Training a machine learning model in space would be an incredible achievement. On board a satellite in space, scientists trained a machine learning model. This accomplishment has the potential to transform the capabilities of remote-sensing satellites by enabling real-time monitoring and decision making for a variety of applications.
For the first time, a project led by the University of Oxford trained a machine learning model on board a satellite in space. This accomplishment has the potential to transform the capabilities of remote-sensing satellites by enabling real-time monitoring and decision making for a variety of applications.
Data collected by remote-sensing satellites is critical for many critical activities, including aerial mapping, weather prediction, and deforestation monitoring. Most satellites can only collect data passively right now because they lack the capability to make decisions or detect changes. Instead, data must be relayed to Earth for processing, which can take hours or even days. This reduces the ability to detect and respond to rapidly developing events, such as a natural disaster.
Machine learning has a huge potential for improving remote sensing. The ability to push as much intelligence into satellites as possible will make space-based sensing increasingly autonomous.
Professor Andrew Markham
To overcome these restrictions, a group of researchers led by DPhil student Vít Růžička (Department of Computer Science, University of Oxford), took on the challenge of training the first machine learning program in outer space. During 2022, the team successfully pitched their idea to the Dashing through the Stars mission, which had issued an open call for project proposals to be carried out on board the ION SCV004 satellite, launched in January 2022. During the autumn of 2022, the team uplinked the code for the program to the satellite already in orbit.
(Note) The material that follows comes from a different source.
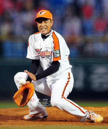 2009 프로야구 한화이글스 대 LG트윈스 경기가 23일 한화 송진우의 은퇴경기로 대전 한밭야구장에서 열렸다. 선발투수로 등판한 송진우가 LG 박용근에 내야 안타를 허용하고 있다. 송진우은 210승 3003이닝 투구라는 대기록을 남기고 21년간의 선수생활을 마감했다. 대전 | 김종원기자 won@donga.com

In contrast to training on the ground, the researchers trained a simple model to detect changes in cloud cover from aerial images directly onboard the satellite. The model was built using a technique known as few-shot learning, which allows a model to learn the most important features to look for when it only has a few samples to train on. The ability to compress data into smaller representations makes the model faster and more efficient.
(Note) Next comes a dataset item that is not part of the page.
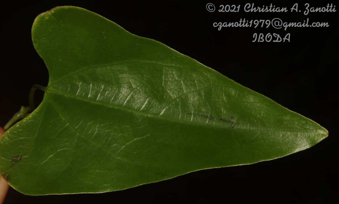 Lianas con tallos suberosos hasta de 4 cm de diámetro; pseudoestípulas presentes, hasta de 2 cm de diámetro. Hojas con pecíolos de (1,5)-3-7 cm de largo, glabros; láminas ovadotriangulares, de 6-12(-17) × 5-8(-14) cm, enteras, base truncada o muy levemente cordada, escotaduras hasta de 5(-18) mm de profundidad, ápice agudo a veces obtuso, haz glabra, envés glabrescente o cortamente pubérulo, no micropunteado, venas primarias basales 5, venación de orden superior poco manifiestas en el envés. Flores axilares, solitarias, usualmente en ramas reducidas; pedúnculo más ovario de 2-3 cm de largo. Perianto glabro exteriormente; utrículo oblongo a obovoide, de 8-12 × 3-4 mm, base redondeada, no apendiculada; tubo infundibuliforme, de 1 cm de largo × ca. 2,5 mm de diámetro en la región proximal, 5-6 mm de diámetro en la región distal, en ángulo recto con el utrículo, limbo 1- labiado, anchamente ovado, de 1-1,5 × 1-2 cm, en ángulo de 150- 180º con el tubo, base no constricta, ápice obtuso a redondeado. Cápsulas anchamente cilíndricas, de 1,5-2,5 × ca. 1 cm, verrugosas y con estrías transversales y venas de los carpelos crestadas. Semillas anchamente ovoides, de 4-5 × 3,5-4,5 mm, aplanadas, más o menos lisas, no aladas, con una extensión membranácea adaxial a lo largo de la rafe prominente.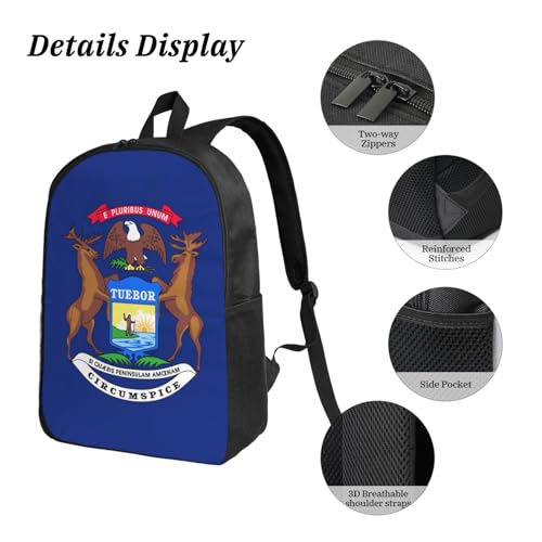 HOT ! Michigan State Flag print Shoulder Bookbags Lunch Bag and Pen Case 17 inches Backpack with Lunch Box, Cute Bookbag Set

Vít Růžička explained: ‘The model we developed, called RaVAEn, first compresses the large image files into vectors of 128 numbers. During the training phase, the model learns to keep only the informative values in this vector; the ones that relate to the change it is trying to detect (in this case, whether there is a cloud present or not). This results in extremely fast training due to having only a very small classification model to train.’
While the first part of the model was trained on the ground to compress newly seen images, the second part (which determined whether the image contained clouds or not) was trained directly on the satellite.
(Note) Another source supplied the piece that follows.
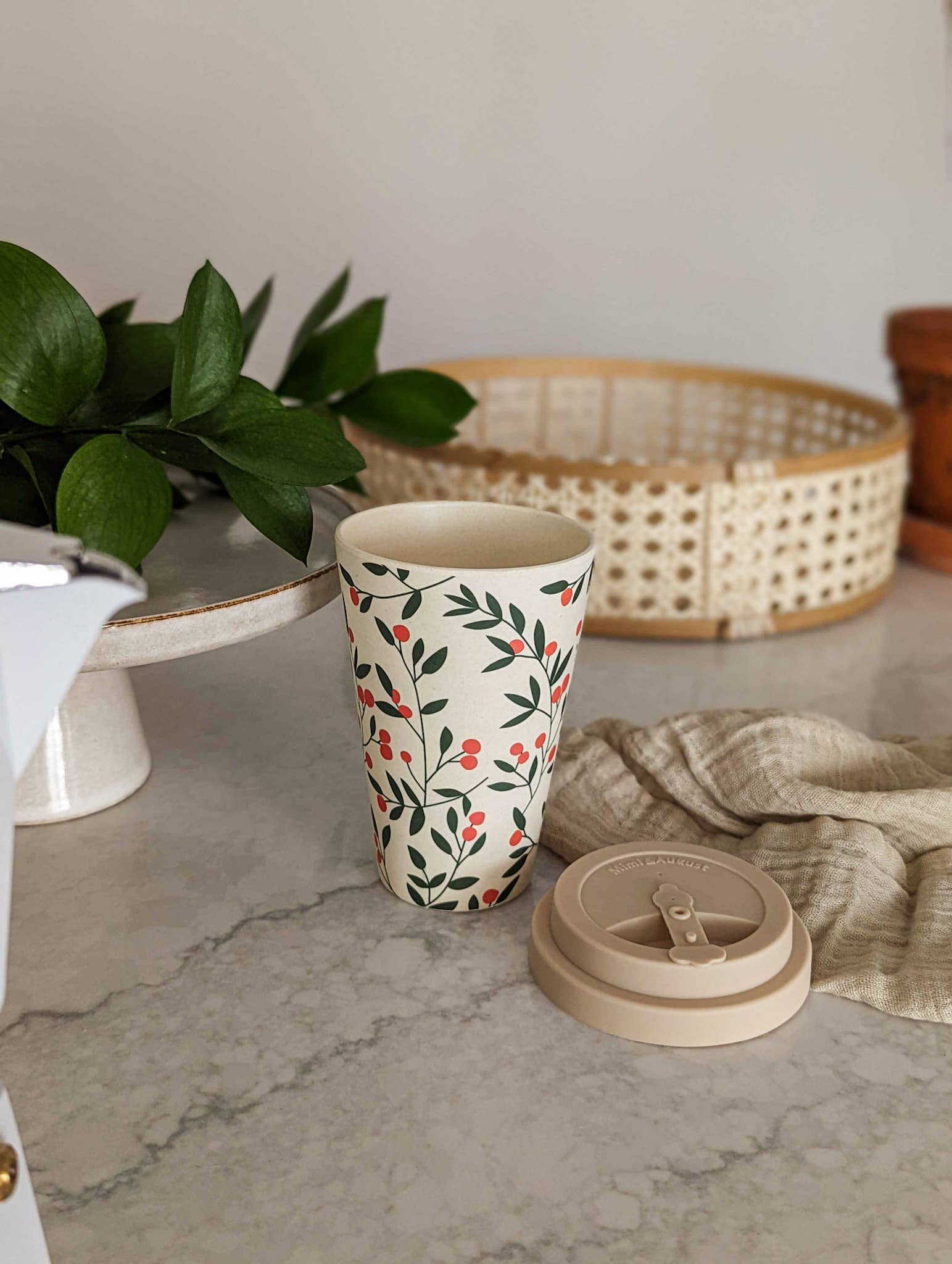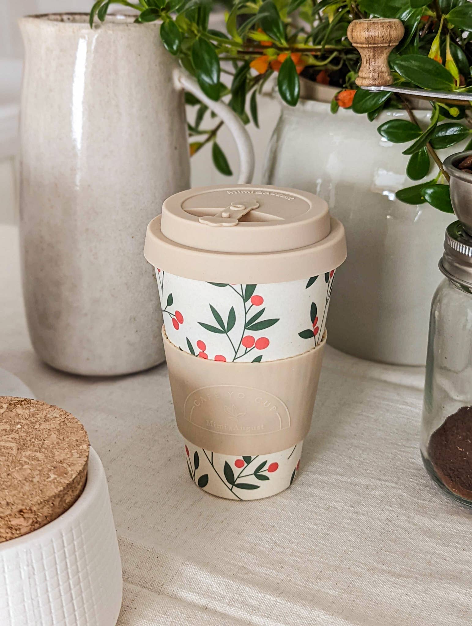 Fully recyclable silicone lid & sleeve.

Developing a machine learning model would normally necessitate several rounds of training, utilizing the power of a cluster of linked computers. The team’s tiny model, on the other hand, finished the training phase (using over 1300 images) in about one and a half seconds.
When the team tested the model’s performance on new data, it detected whether the cloud was present or not in less than a tenth of a second. This entailed encoding and analyzing a scene the size of 4.8×4.8 km2 (equivalent to nearly 450 football fields).
According to the researchers, the model could be easily adapted to perform different tasks and use different types of data. ‘We now intend to develop more advanced models that can automatically differentiate between changes of interest (such as flooding, fires, and deforestation) and natural changes (such as natural changes in leaf color across the seasons,’ Vt Rika added. Another goal is to create models for more complex data, such as hyperspectral satellite images. This could allow for the detection of methane leaks, for example, and has important implications for combating climate change.’
Performing machine learning in outer space could also help overcome the problem of on-board satellite sensors being affected by the harsh environmental conditions, so that they require regular calibration. Vít Růžička said: ‘Our proposed system could be used in constellations of non-homogeneous satellites, where reliable information from one satellite can be applied to train the rest of the constellation. This could be used, for instance, to recalibrate sensors that have degraded over time or experienced rapid changes in the environment.’
‘Machine learning has a huge potential for improving remote sensing,’ said Professor Andrew Markham, who supervised Vt’s DPhil research. ‘The ability to push as much intelligence into satellites as possible will make space-based sensing increasingly autonomous. Allowing the satellite to learn from data on board would help to overcome the issues with the inherent delays between acquisition and action. Vt’s work is an intriguing proof-of-principle.’